He always wanted reconciliation in his personal and professional life. Some things were mended, some weren’t. In looking back on his own life, he regretted some things, and gently accepted others. I hope he died at peace with the life he’d lived, as he should.

He was deeply committed to his public life. One of the oddities for family when a public figure dies is seeing a person’s life more sharply through the eyes of others. Many kind emails have been sent, and we thank you all for your thoughts. One message from Jock Phillips talked of Dad as a real inspiration to younger historians, thought provoking and a ‘lyrical writer’ who showed that ‘writing history about this country could be a literary as well as a historical contribution’. Others have expressed similar sentiments.

It’s an odd feeling to reconcile that with the private figure, the man who spent Saturday afternoons half asleep in front of the TV, half watching provincial rugby. The man who could cook a mince dish with no regard to what he was putting in it – fish sauce of all things – and who lured me away from vegetarianism with lightly cooked fillet steaks!

When I was living with him in Thorndon, we’d spend evenings watching Shortland Street, quickly flicking the channel at 7.30 for Coronation St. Most of the time we were both asleep in our armchairs, he with the broken legged cat, Pusca, on his lap.

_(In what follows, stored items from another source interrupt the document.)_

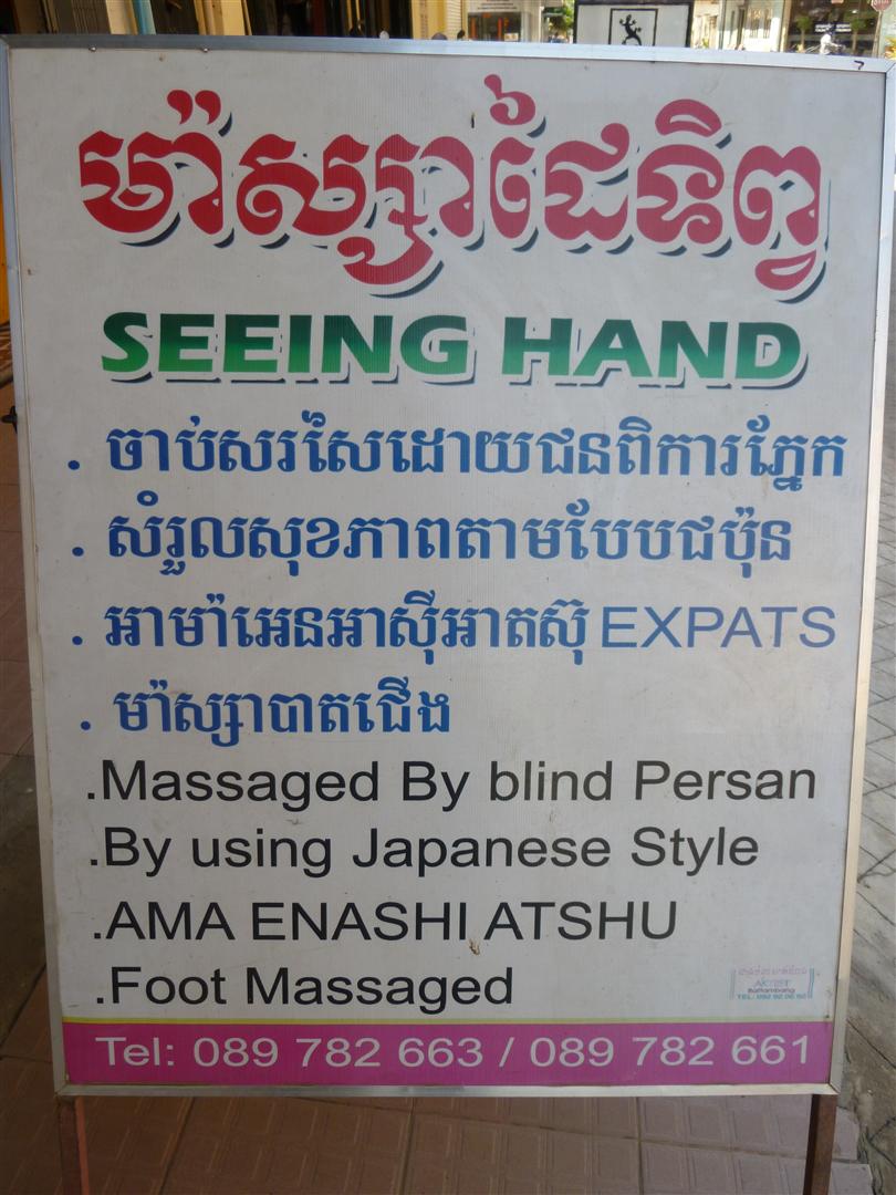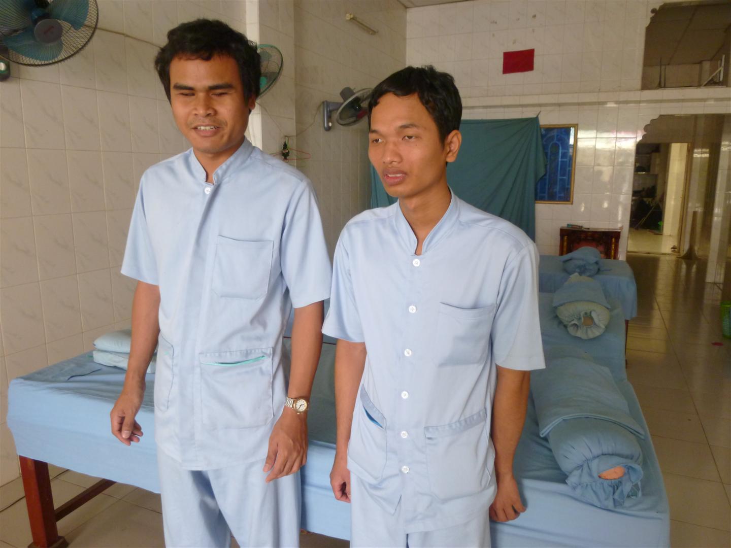 Blind masseurs are trained in Japanese Shiatsu- as well as Anma-massage and Chinese foot massage. All profits go towards assisting blind people in Cambodia. The team of blind masseurs has successfully completed the Association of the Cambodian Blind Training Course (ABC) and is officially acknowledged by the ABC. The massages relieve tension and reduce stress and exhaustion. The treatments are also therapeutic for those suffering from high blood pressure, headaches, backaches, muscle cramps and sleeplessness.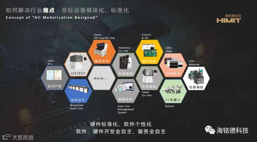 海铭德短短五年,执着于基础技术的开发,利用我们模块化的技术平台,成功实现了多领域、多场景、多平台的产品布局。我们形成了100多个产品模组,100多个软件APP,在消费类电子、医疗电子、汽车电子、安防电子、半导体、柔性线路板、PCBA等行业得到充分应用,这充分说明了我们的模块化技术的柔性化优势,其应用场景相当广泛,充满活力。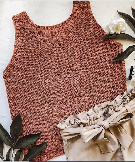 Топ связан крючком. Дан подробный алгоритм расчетов и инструкция по вязанию. Топ вяжется поперёк, начиная сбоку. Состоит из двух отдельных деталей, которые потом между собой сшиваются.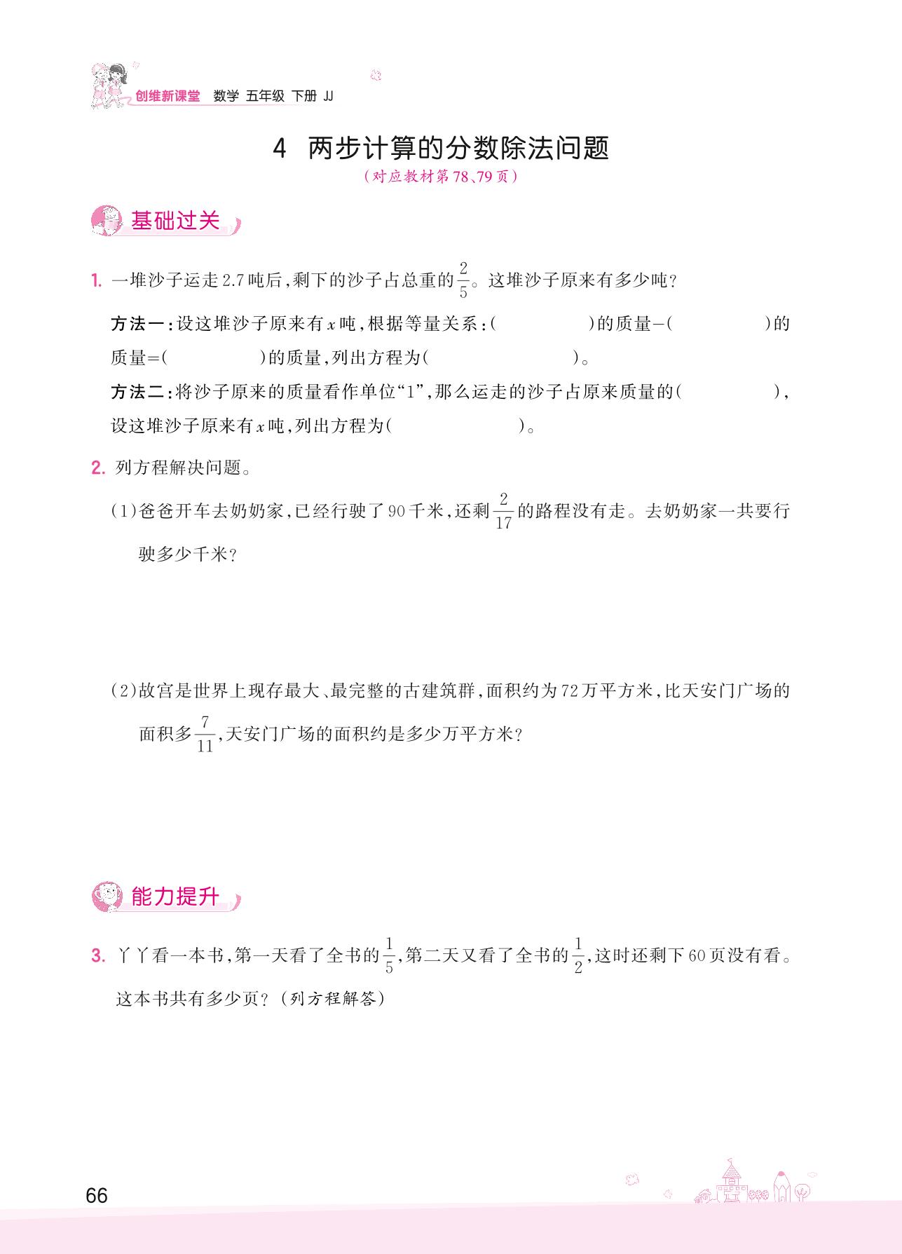 2022下册五年级数学冀教版 六 分数除法——4 两步计算的分数除法问题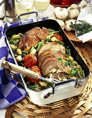 Deglaze with broth. Cover and braise in a preheated oven (electric cooker: 200 °C/ convection oven: 175 °C/ gas: level 3) for 30 minutes. In the meantime, rinse and drain the beans. Clean and wash the tomatoes. Add the green beans, bean seeds and tomatoes to the casserole. Season with salt and pepper, add 200 ml water and braise for 10 minutes in the open roasting pan. Deglaze again with 300 ml water and finish cooking for about 20 minutes. Serve garnished with fresh herbs

My partner Madeleine was there sometimes too, sitting bewildered on the sofa as her boyfriend and one of the country’s leading historians nodded off in front of the soaps.

He provided three bits of advice that I can remember, most of which I’ve lived by. The first was his attempt at sex education when I was a teenager. I won’t repeat it here. The second, and I’ve quoted it to some of you, was his approach to correspondence when he was at Massey – in short, if it’s important someone will write twice. The implication was not to answer anything first time round.

He told me recently he interviewed for a job in Australia and when asked about his approach to the demands of administration he replied that if you leave it long enough it will either resolve itself or go away. He didn’t get that job.

The other I’ve taken more seriously and that’s that you should always know where you want to get to and gently and quietly always be moving in that direction. I think it reflects his approach to so much in life. He wasn’t a revolutionary in any sense, despite being called a rabid socialist once in parliament. Not a revolutionary but always committed to changing things for the better.

He despaired in recent years at the state of the world, the state of the Labour Party after last year’s election, computers, social media, society, economy. They were all things he took an interest in whether he knew much about them or not. Any idea his family or friends brought to him he’d entertain, ponder, offer a considered thought. But regardless of despair or otherwise, he left what part of the world he could affect in a better state than he found it.

Returning to the Manawatu mud, I think of the old house in Church St. Of all the towns and cities and houses that Dad and Mum lived in, 114 Church St was the only place where the whole family lived. A big rambling turn of the century villa; an even bigger and ramblier garden. The neighbours thought we were fairly mad. They worried our pine trees would fall on their houses, complained of the shadows cast by the trees, or that tree roots would damage their concrete driveways.

We didn’t mow the grass verge often enough, despite Dad cutting a fine figure in denim shorts, purple teeshirt and bata bullets, pushing the Massport Tornado up and down. The last straw of our family’s sanity was broken when we built a corrugated iron fence along the front of the macrocarpa hedge, complete with holes cut in the iron for the hedge to grow through. It was a childhood I’ll never forget and I’ll treasure the memories of dad, mum, my brothers and my sister at 114.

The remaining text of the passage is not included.